Population (mid 2025 estimate)
- • Total: 797,844
- • Density: 511.406/km^{2} (1,324.53/sq mi)
- Time zone: UTC+7 (IWST)
- Area code: (+62) 332
- Website: bondowosokab.go.id

= Bondowoso Regency =

Regency in East Java, Indonesia

Bondowoso Regency (ꦏꦧꦸꦥꦠꦺꦤ꧀ꦧꦺꦴꦤ꧀ꦝꦺꦴꦮꦺꦴꦱꦺꦴ) is a landlocked regency in East Java, Indonesia. It covers an area of 1,560.10 km^{2}, and had a population of 736,772 at the 2010 Census and 776,151 at the 2020 Census; the official estimate as of mid 2025 was 797,844 (comprising 390,208 males and 407,636 females). The most common languages are Madurese and Javanese, although Madurese is the majority. The nearest large city is Surabaya, approximately five hour's drive away.

The administrative centre of the regency is the provincial town of Bondowoso, after which the regency is named. Common in most provincial towns is a park in the city centre, called "Alun-Alun"; Bondowoso is no exception. In the backdrop of the park is a view of a mountain ("gunung").

Tourist spots include Kawah Ijen, a crater lake. Kawah Ijen is managed jointly by two local governments, Bondowoso Regency and Banyuwangi Regency. A hike or climb to the crater takes around 1–2 hours. In addition to the crater, other tourist destinations in Bondowoso are Tancak Kembar in Pakem and Air Terjun Belawan Sempol. Other spots are Gunung Merapi and waterfalls.

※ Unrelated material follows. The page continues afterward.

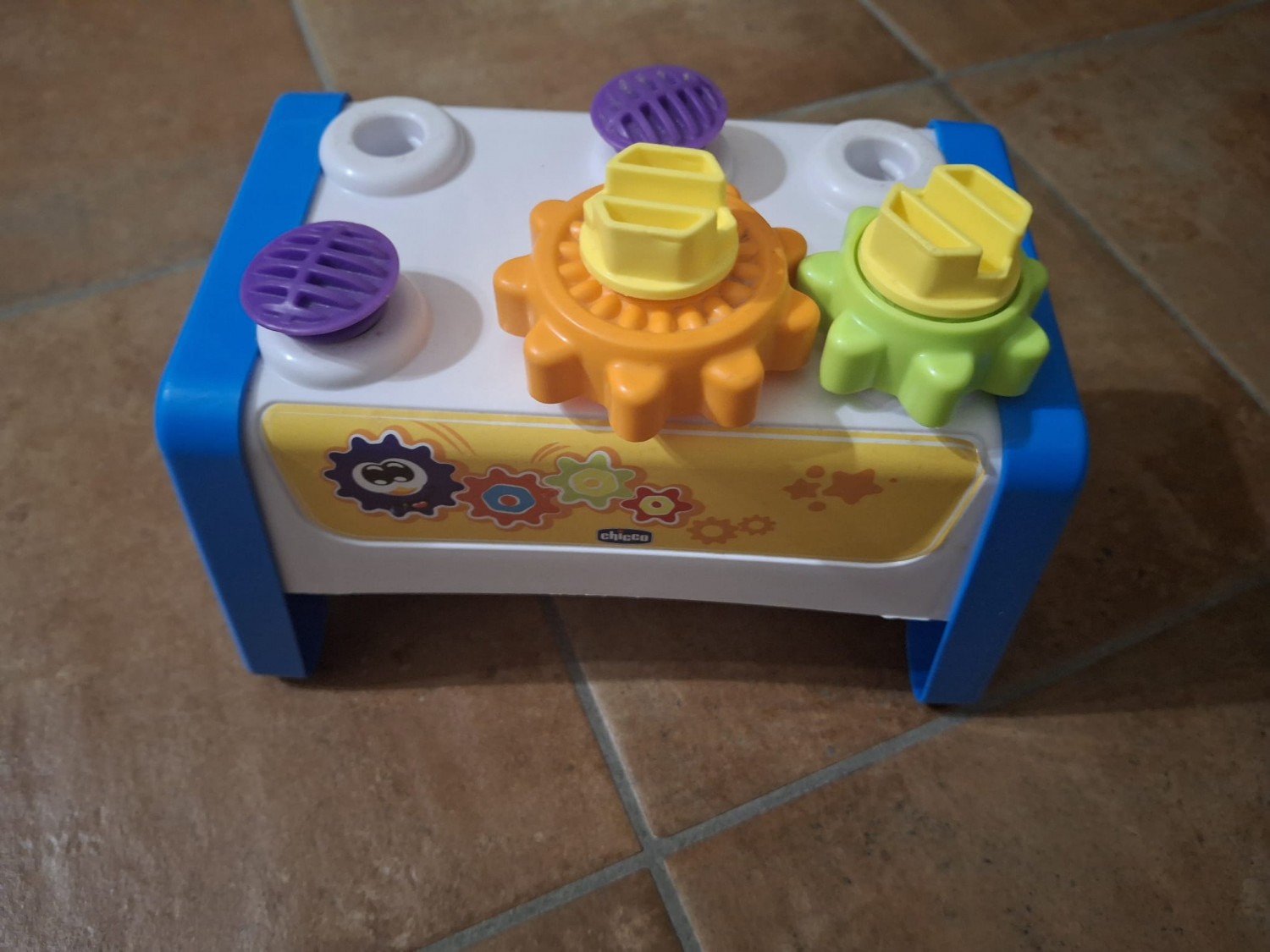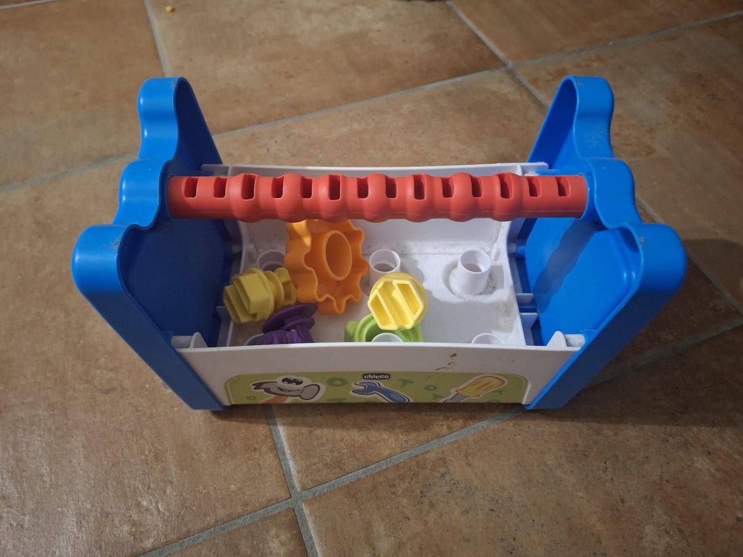 La cassetta degli attrezzi è un gioco per bambini completo, composto da 13 pezzi diversi: un martello, un cacciavite, una chiave inglese, viti, ingranaggi e bulloni con cui scatenare la fantasia. Il bambino potrà posizionare gli ingranaggi nella giusta sequenza per farli girare; alla fine del gioco, potrà capovolgere la cassetta e raccogliere tutti i pezzi.

Bondowoso town is known for its dessert, "tape" (pronounced "tah-peh"), to the extent that it is named "Tape city". Tape is made from cassava wrapped inside banana leaves to be fermented with fermentation starter which contains yeast (mainly Saccharomyces cerevisiae), mold (such as Aspergillus sp.), and bacteria (such as Acetobacter sp.)

There has been an Arabic community living in the area for some time, since before the Dutch occupation. They live in an area called "Kampung Arab" (Arabs Compound) on Imam Bonjol Street.

== Administrative districts ==
The Regency is divided into twenty-three districts (kecamatan), tabulated below with their areas and their population totals from the 2010 Census and the 2020 Census, together with the official estimates as of mid 2025. The former Sempol District, in the far southeast of the regency, which contains the crater lake of Kawah Ijen, has been renamed Ijen District; unlike the rest of the regency, which lies on the other side of the Ijen Mountain Range, Ijen District drains eastwards towards the Bali Strait. The table also includes the locations of the district headquarters the number of administrative villages in each district (totaling 209 rural desa and 10 urban kelurahan), and its postcodes.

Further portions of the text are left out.